The details of its production are obscure. Coverdale met Tyndale in Hamburg, Germany in 1529, and is said to have assisted him in the translation of the Pentateuch. His own work was done under the patronage of Oliver Cromwell, who was anxious for the publication of an English Bible; and it was no doubt forwarded by the action of Convocation, which, under Archbishop Cranmer's leading, had petitioned in 1534 for the undertaking of such a work.

Coverdale's Bible was probably printed by Froschover in Zurich, Switzerland and was published at the end of 1535, with a dedication to Henry VIII. By this time, the conditions were more favorable to a Protestant Bible than they had been in 1525. Henry had finally broken with the Pope and had committed himself to the principle of an English Bible. Coverdale's work was accordingly tolerated by authority, and when the second edition of it appeared in 1537 (printed by an English printer, Nycolson of Southwark), it bore on its title-page the words, "Set forth with the King's most gracious license." In licensing Coverdale's translation, King Henry probably did not know how far he was sanctioning the work of Tyndale, which he had previously condemned.

In the New Testament, in particular, Tyndale's version is the basis of Coverdale's, and to a somewhat less extent this is also the case in the Pentateuch and Jonah; but Coverdale revised the work of his predecessor with the help of the Zurich German Bible of Zwingli and others (1524-1529), a Latin version by Pagninus, the Vulgate, and Luther.

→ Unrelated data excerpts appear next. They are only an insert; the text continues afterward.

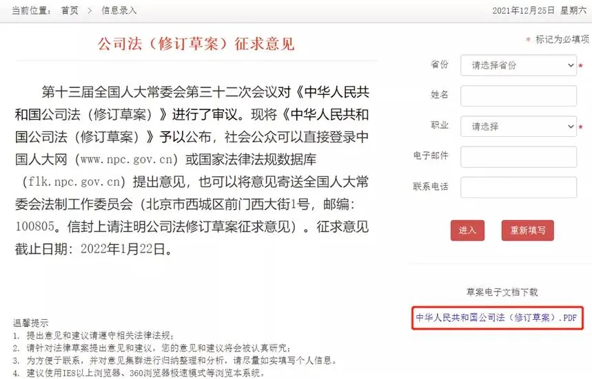 第十三届全国人大常委会第三十二次会议对《中华人民共和国公司法(修订草案)》进行了审议。12月24日,修订草案向社会公开征求意见。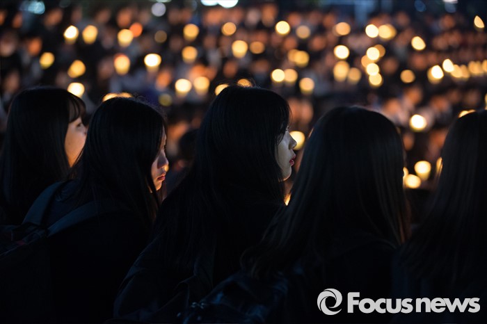 (안산=포커스뉴스) 세월호 참사 2주기를 하루 앞둔 15일 오후 경기도 안산시 단원구 안산문화광장에서 안산 지역 학생들이 추모제에 참석해 촛불을 들고 있다.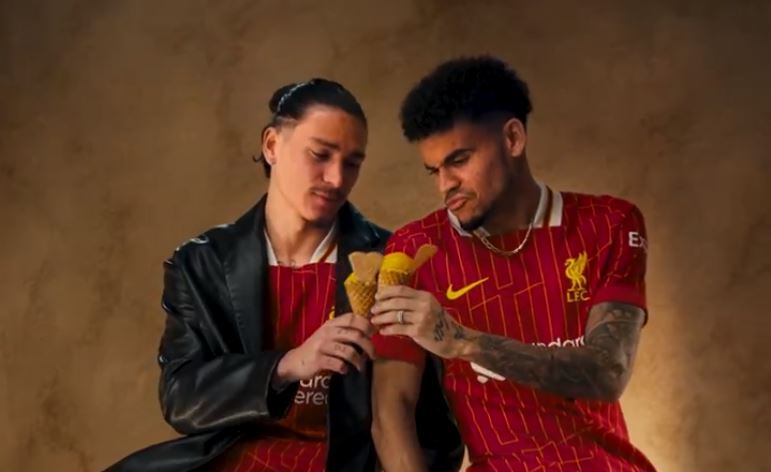 La escena en la que aparece el guajiro está en compañía del uruguayo Darwin Núñez con el que aparecen disfrutando de un helado con el que ‘brindan’, mientras lucen la nueva camiseta.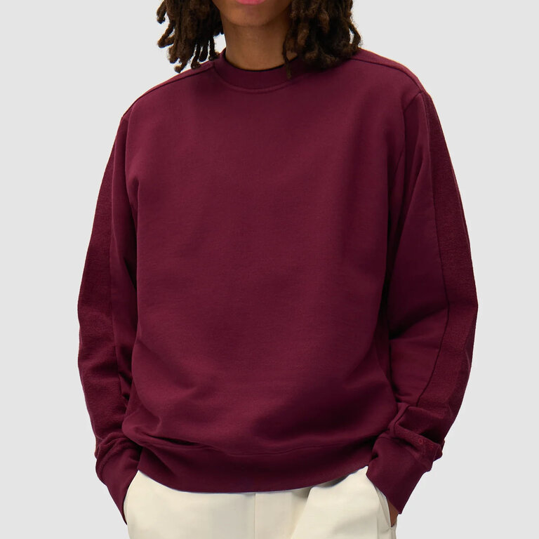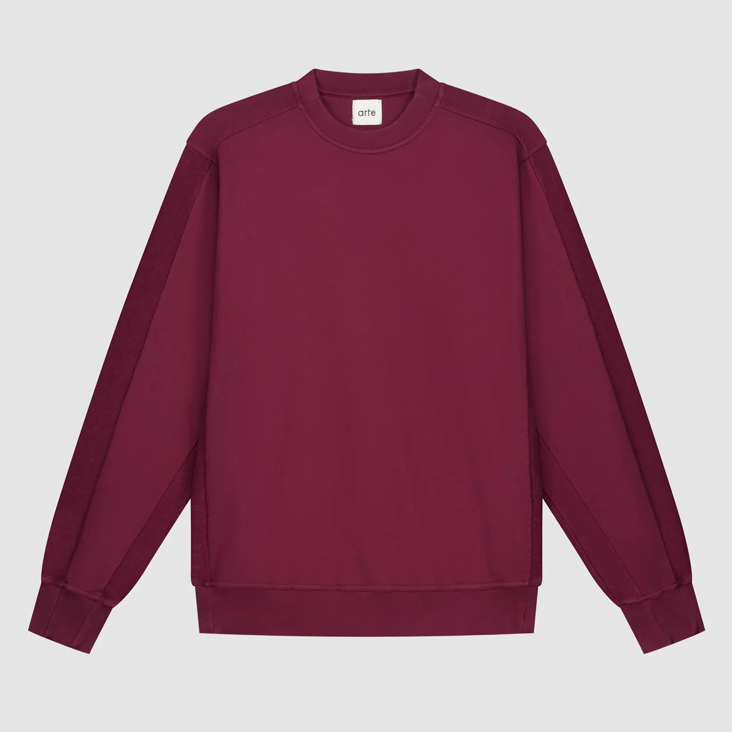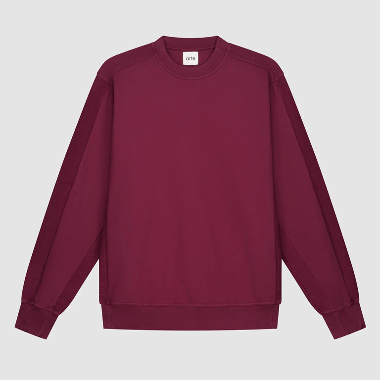 Arte In/Out Crewneck Bordeaux – premium heavyweight cotton sweatshirt featuring a reversible design with contrasting textures. Relaxed fit, slightly higher neck, ribbed cuffs, hem, and tonal embroidered logo on the left sleeve.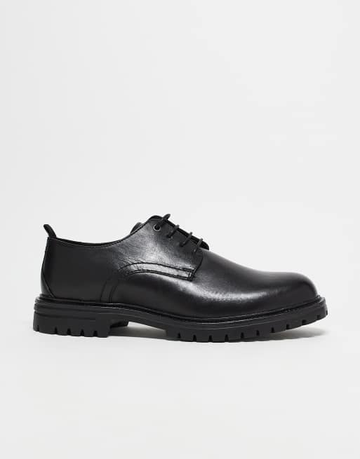 Sko med snører i sort skind med chunky sål fra ASOS DESIGN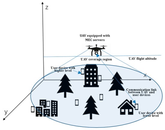 As mobile edge computing (MEC) resources are integrated into a unified resource pool and different edge facilities work together, MEC, as an important complement to edge computing, is gradually being more widely used []. Unlike traditional fixed edge nodes, MEC provides flexible computing support through mobile devices or nodes, suitable for environments with dynamic network conditions or imperfect infrastructure, especially for future 6G network integrated communication, computing, and caching (3C) [], such as intelligent transportation, augmented reality, and unmanned aerial vehicle (UAV) communication [,].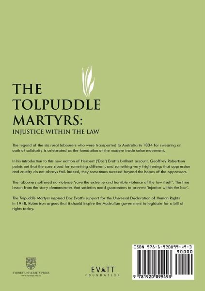 The legend of the six rural labourers who were transported to Australia in 1834 for swearing an oath of solidarity is celebrated as the foundation of the modern trade union movement. In his introduction to this new edition of Herbert ('Doc') Evatt's brilliant account, Geoffrey Robertson points out that the case stood for something different, and something very frightening: that oppression and cruelty do not always fail. Indeed, they sometimes succeed beyond the hopes of the oppressors. The labourers suffered no violence 'save the extreme and horrible violence of the law itself'. The true lesson from the story demonstrates that societies need guarantees to prevent 'injustice within the law'. The Tolpuddle Martyrs inspired Doc Evatt's support for the Universal Declaration of Human Rights in 1948. Robertson argues that it should inspire the Rudd Labor government to legislate for a bill of rights in Australia today.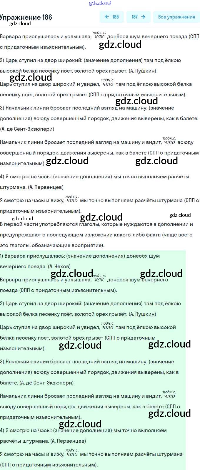 Ответ на задание 186 Учебник Русский язык за 9 (девятый) класс Рыбченкова, Александрова, Загоровская, Нарущевич УМК 2018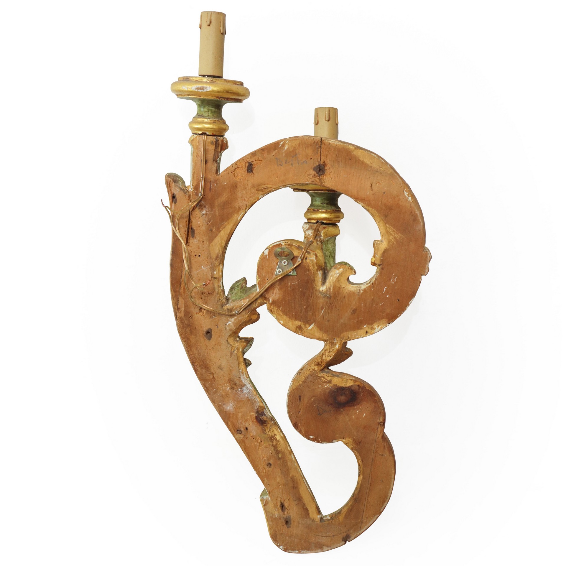 Coppia di applique da muro in legno dorato e verde, due luci h cm 58X27X12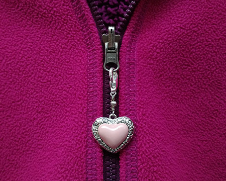 Pink heart zipper pull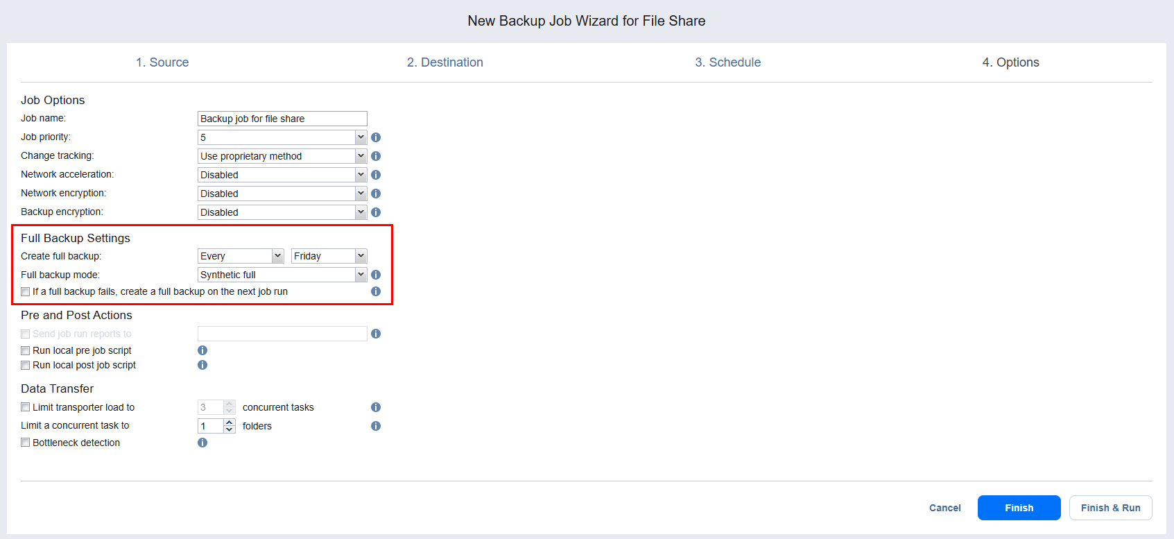 If a full backup fails, create a full backup on the next job run: With this option selected, the next job run creates a full backup if the current job run fails to do so.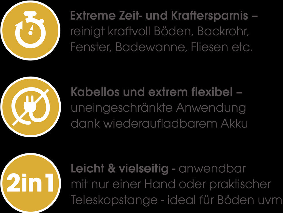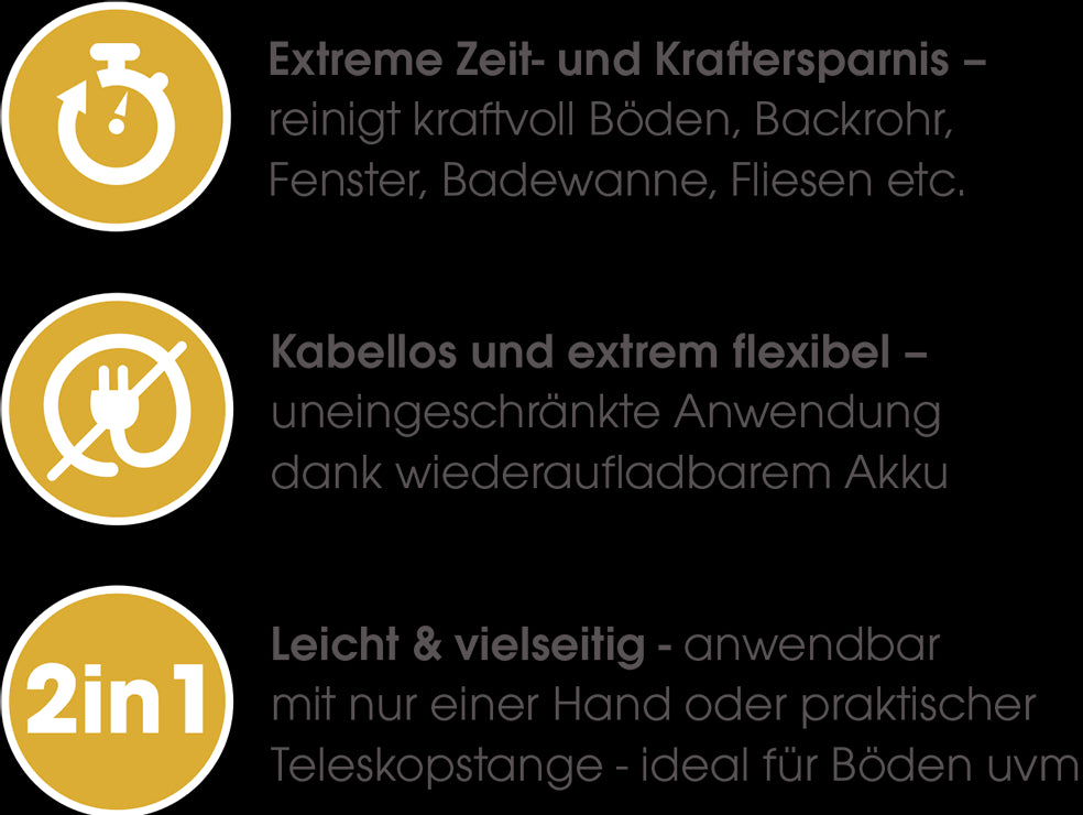 Dank wiederaufladbarem Akku gibt es unzählige Anwendungsbereiche und kein lästiges Kabel ist im Weg. Mit der bis auf 105 cm ausziehbaren Teleskopstange werden auch schwer erreichbare Stellen mühelos gereinigt und der Rücken wird geschont. Dadurch ist die leichte und flexible Putzbürste auch ideal für über-Kopf Arbeiten.

In his preface, he explicitly disclaims originality as a translator, and there is no sign that he made any noticeable use of the Greek and Hebrew; but he used the available Latin, German, and English versions with judgment. In the parts of the Old Testament which Tyndale had not published he appears to have translated mainly from the Zurich Bible. [Coverdale's Bible of 1535 was reprinted by Bagster, 1838.]

In one respect Coverdale's Bible was groundbreaking, namely, in the arrangement of the books of the. It is to Tyndale's example, no doubt, that the action of Coverdale is due. His Bible is divided into six parts -- (1) Pentateuch; (2) Joshua -- Esther; (3) Job -- "Solomon's Balettes" (i.e. Canticles); (4) Prophets; (5) "Apocrypha, the books and treatises which among the fathers of old are not reckoned to be of like authority with the other books of the Bible, neither are they found in the canon of the Hebrew"; (6) the New Testament. This represents the view generally taken by the Reformers, both in Germany and in England, and so far as concerns the English Bible, Coverdale's example was decisive.